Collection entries
********

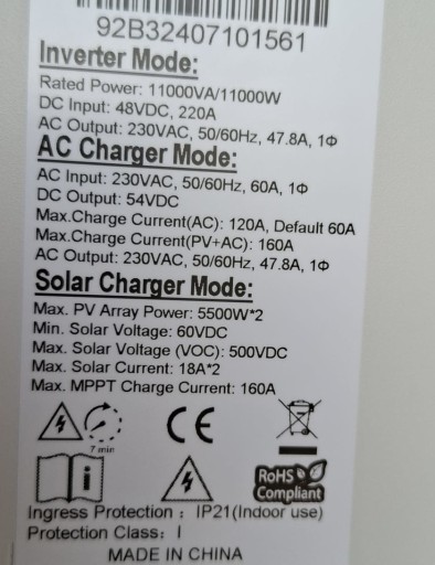 - Maksymalna moc wejściowa PV 5500W + 5500W = 11000W
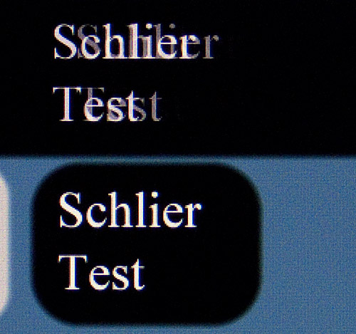 o grau-gelber Schleier bei starken Blickwinkelveränderungen (hat bestimmt _jeder_ Monitor)
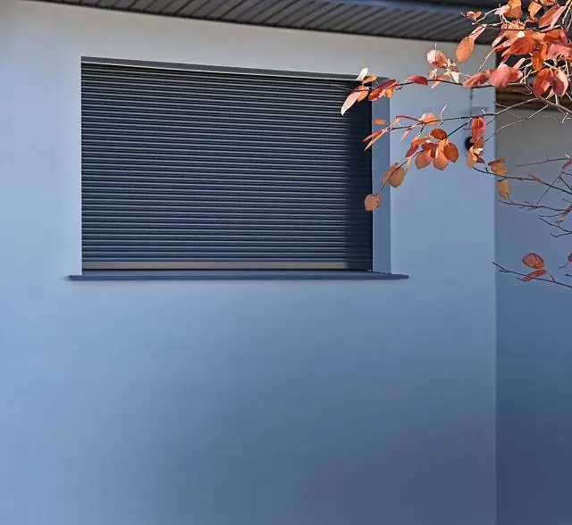 Короб роллеты устанавливается внутри проема, за счет чего на фасаде отсутствуют выступающие элементы.
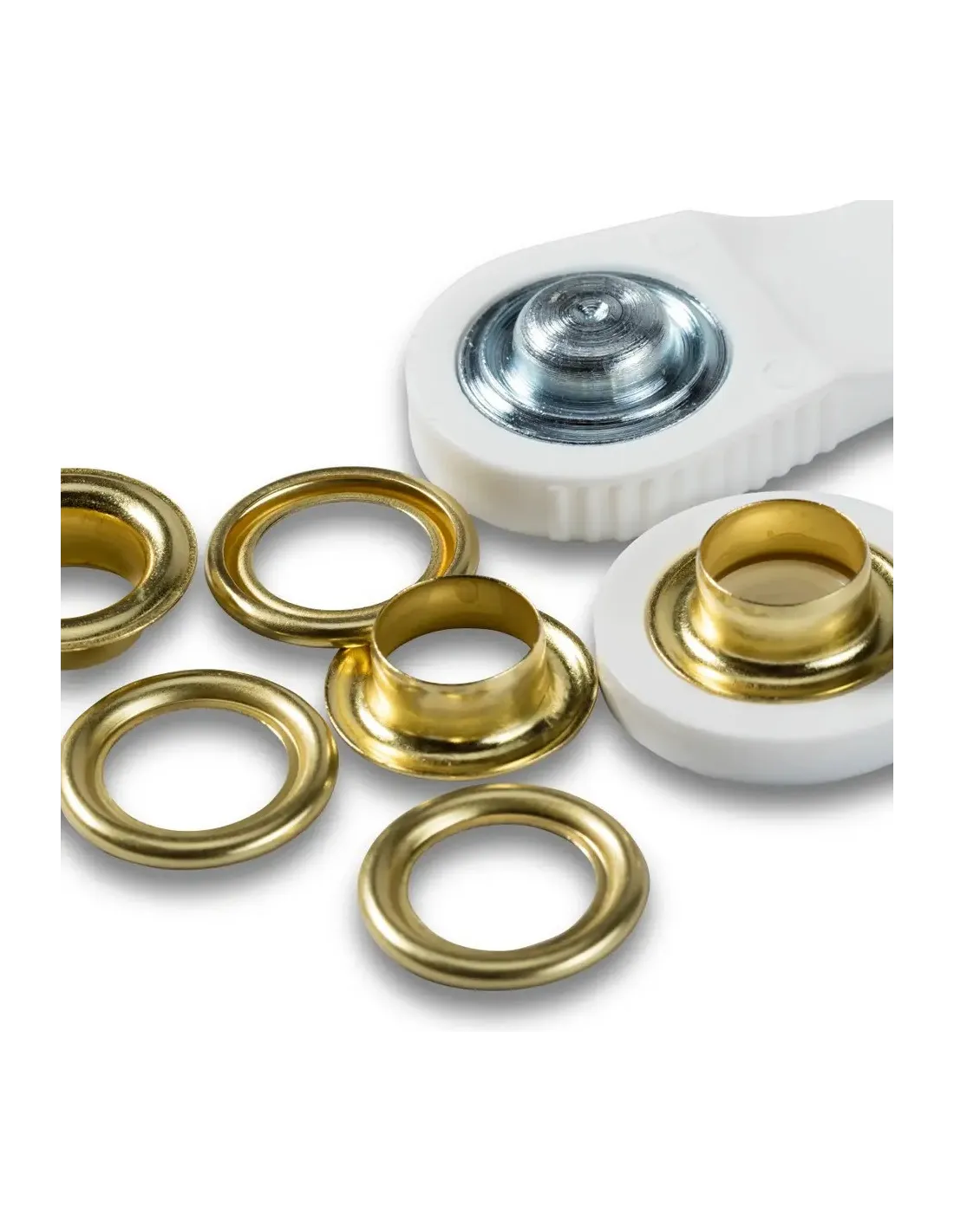 Des œillets pratiques en quantités et diamètres différents pour les amoureux de la couture et du bricolage ! Disponibles au choix, dans les coloris argent, or, laiton antique ou bronze, les œillets se posent facilement grâce à l’outil fourni et à un marteau. Ils permettent une finition impeccable, sans déformation et sans endommagement du matériau. Les œillets en laiton inoxydable sont polyvalents et peuvent être utilisés sur des rideaux comme sur des bâches. Ils n’ont pas de disques d'extrémité sur l’envers.
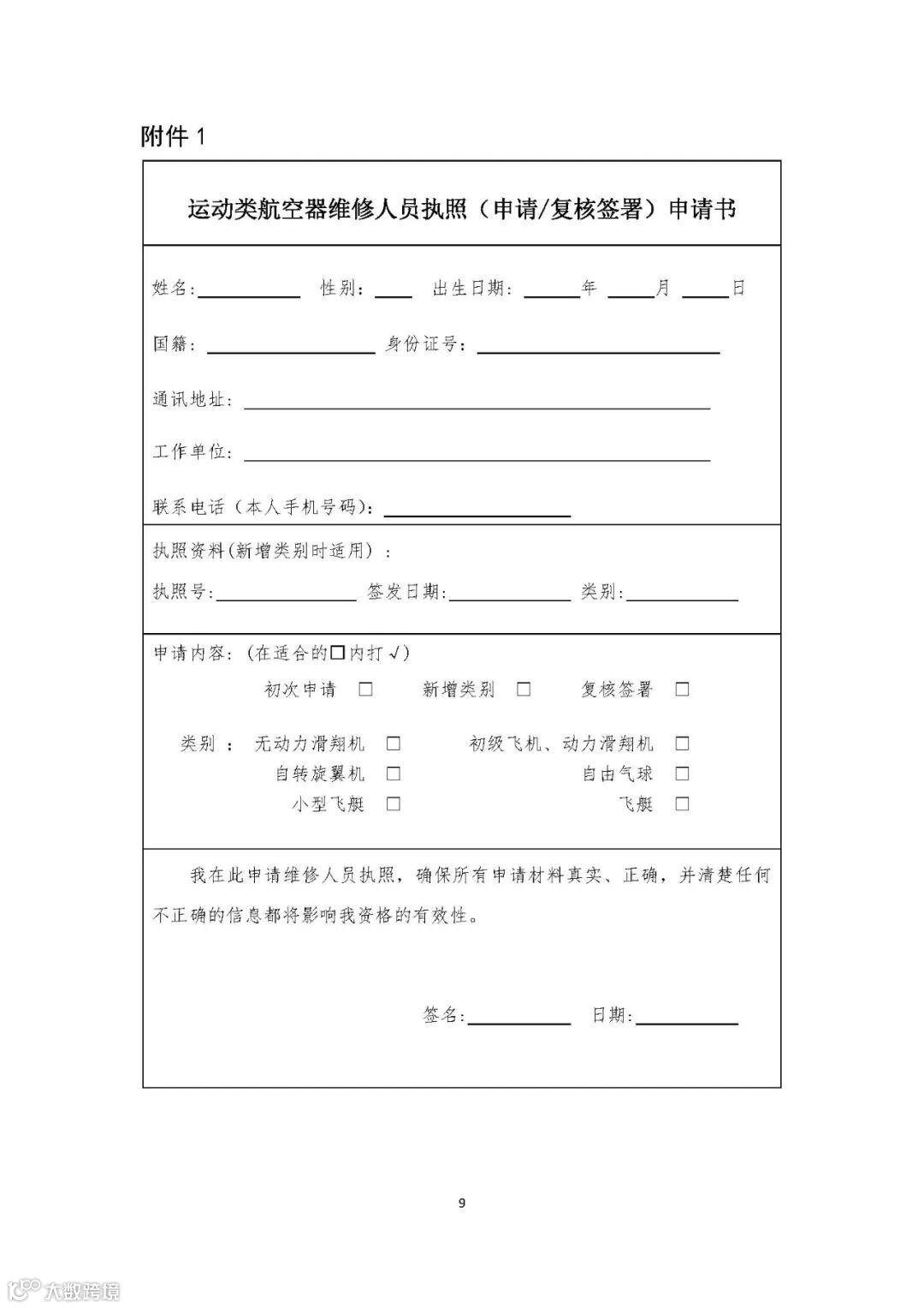 附件:1.运动类航空器维修人员执照(申请/复核签署)
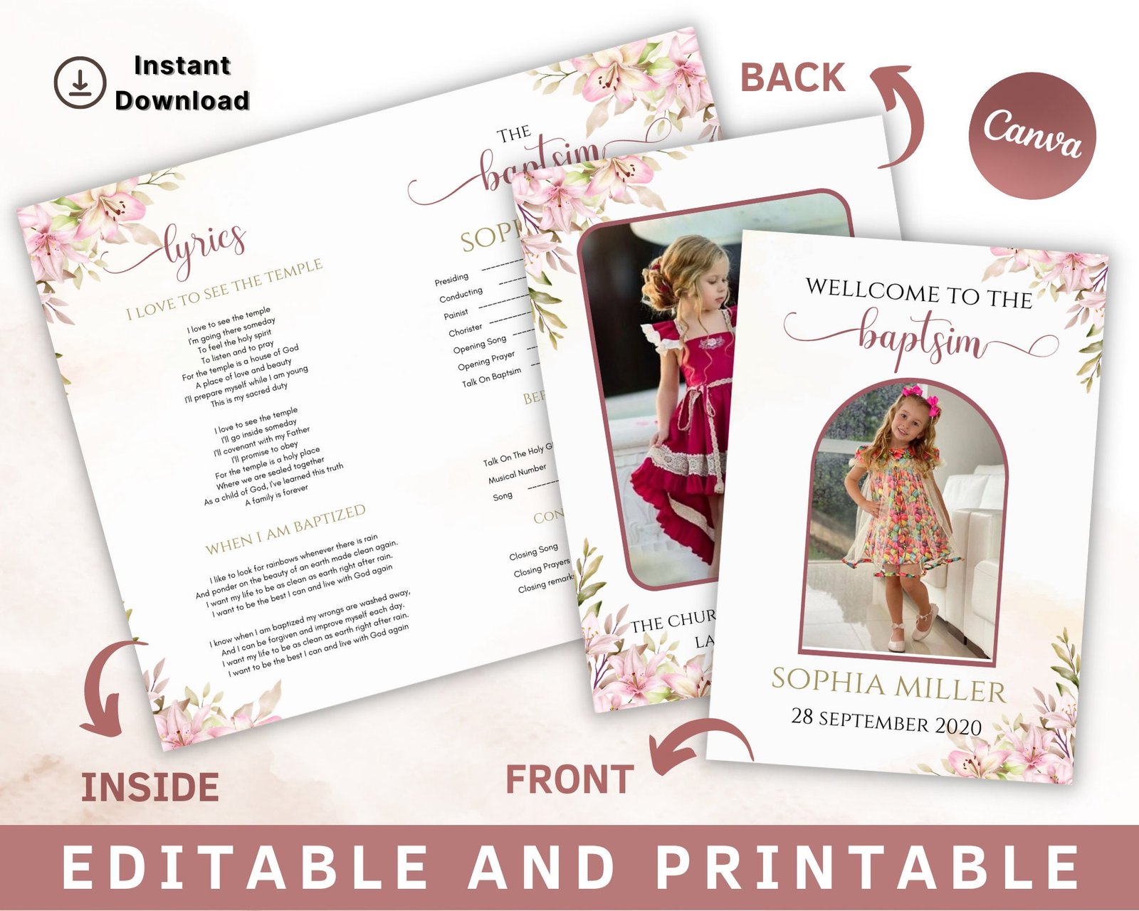 Baptism program lds, editable lds baptism program template, lds baptism program, baptism programs, customizable template, instant download
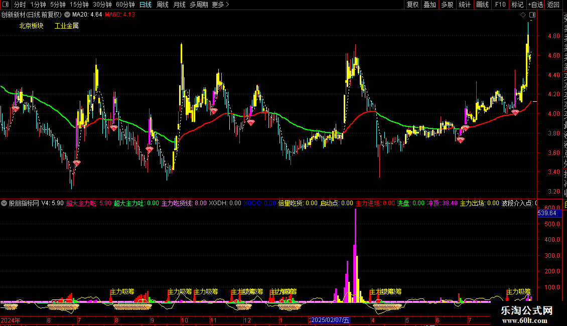 牛股密码:EMA(C,60),COLORRED,LINETHICK2;
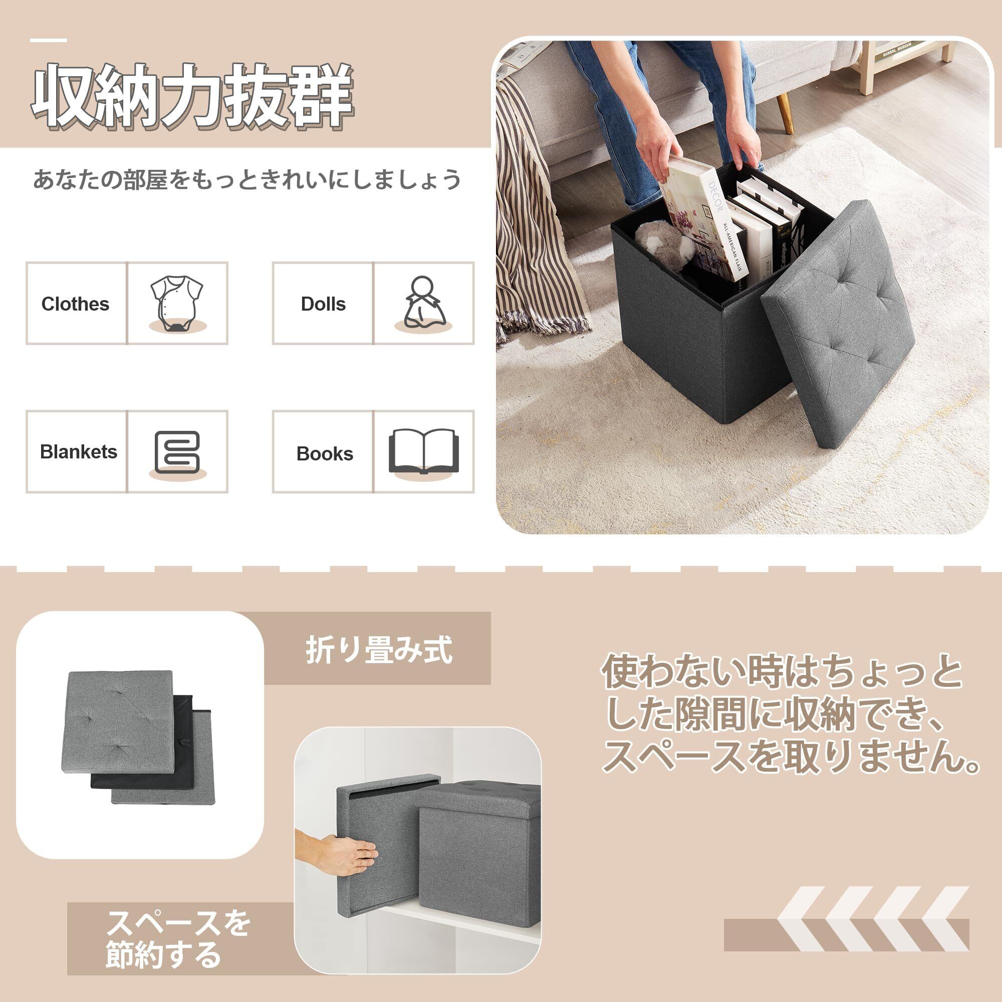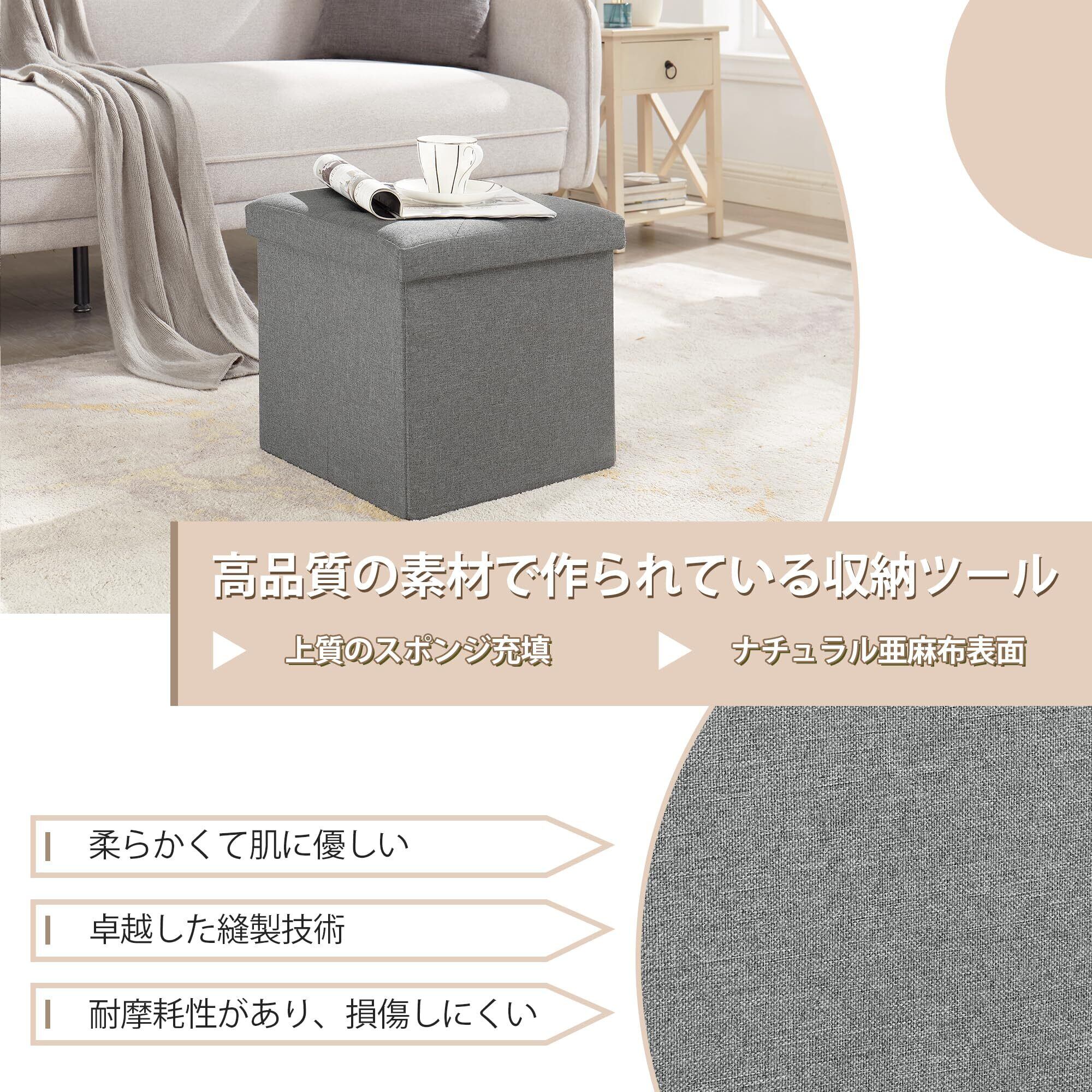 【優れた素材・お手入れ簡単】この収納スツールの表面は亜麻布で、丈夫で耐摩耗性があり、傷つきにくい;内蔵ボードはMDF高密度ボードで、軽量でありながら強い安定性があり、最大耐荷重は30KGとなります。お手入れの際はタオルで軽く拭くだけでOKです。
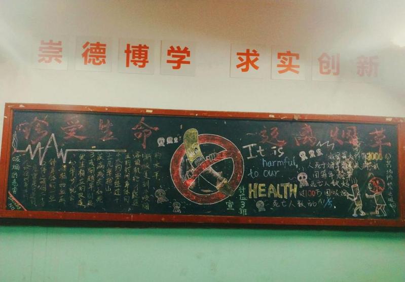 為加強(qiáng)宣傳力度,營造禁煙氣氛,組織并要求班級(jí)進(jìn)行禁煙專題系列的黑板報(bào)設(shè)計(jì)。
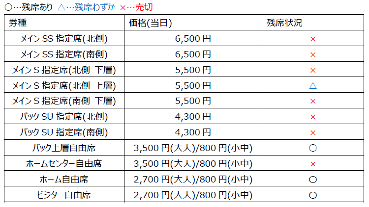 • 9/2(周日)鸟栖战 当日票销售及上层座席说明
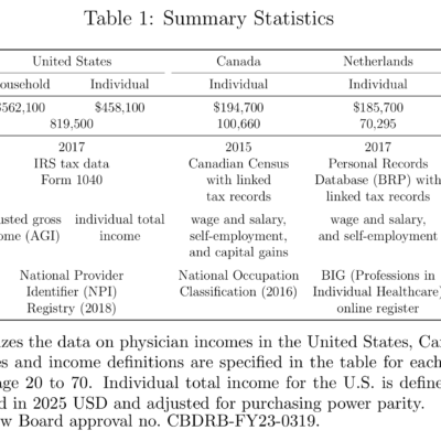 Physician incomes are extraordinarily high in the United States. A new NBER paper finds that U.S. physicians earn roughly two
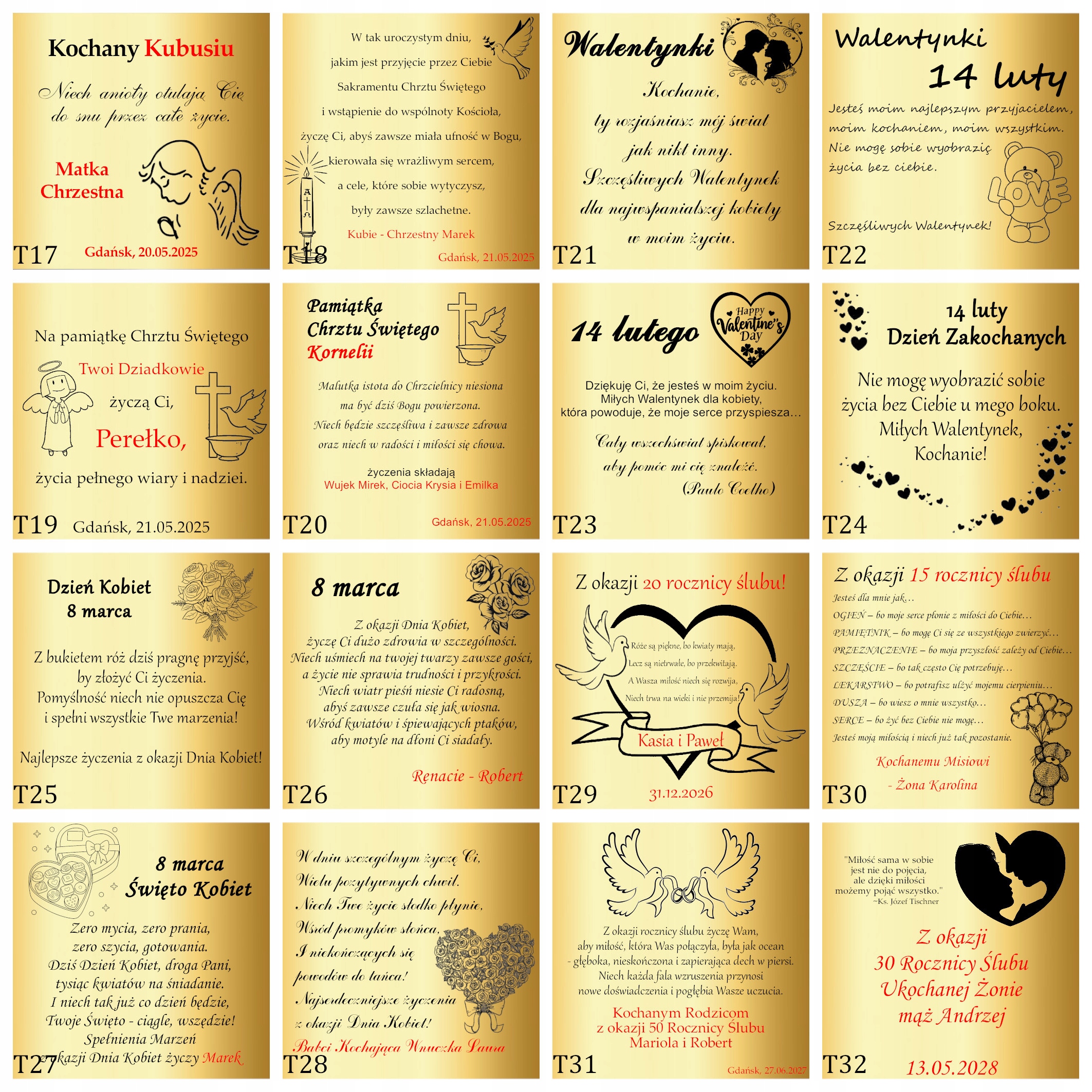 Если вы хотите выбрать один из готовых шаблонов, при оформлении заказа укажите номерной знак и данные, на которые мы должны заменить красные фрагменты текста, например. табличка T17, Мацюс, Ала Чочия, Варшава, 15 марта 2021 г. Мы выгравируем пожелания, изложенные на табличке T17, с предоставленными вами данными.

********

Beginning with the line that contains "附件:1.运动类航空器维修人员执照(申请/复核签署)", output every line down to the last line of the entries above exactly as written, apart from the pictures.

 附件:1.运动类航空器维修人员执照(申请/复核签署)
 Baptism program lds, editable lds baptism program template, lds baptism program, baptism programs, customizable template, instant download
 牛股密码:EMA(C,60),COLORRED,LINETHICK2;
 【優れた素材・お手入れ簡単】この収納スツールの表面は亜麻布で、丈夫で耐摩耗性があり、傷つきにくい;内蔵ボードはMDF高密度ボードで、軽量でありながら強い安定性があり、最大耐荷重は30KGとなります。お手入れの際はタオルで軽く拭くだけでOKです。
 為加強(qiáng)宣傳力度,營造禁煙氣氛,組織并要求班級(jí)進(jìn)行禁煙專題系列的黑板報(bào)設(shè)計(jì)。
 • 9/2(周日)鸟栖战 当日票销售及上层座席说明
 Physician incomes are extraordinarily high in the United States. A new NBER paper finds that U.S. physicians earn roughly two
 Если вы хотите выбрать один из готовых шаблонов, при оформлении заказа укажите номерной знак и данные, на которые мы должны заменить красные фрагменты текста, например. табличка T17, Мацюс, Ала Чочия, Варшава, 15 марта 2021 г. Мы выгравируем пожелания, изложенные на табличке T17, с предоставленными вами данными.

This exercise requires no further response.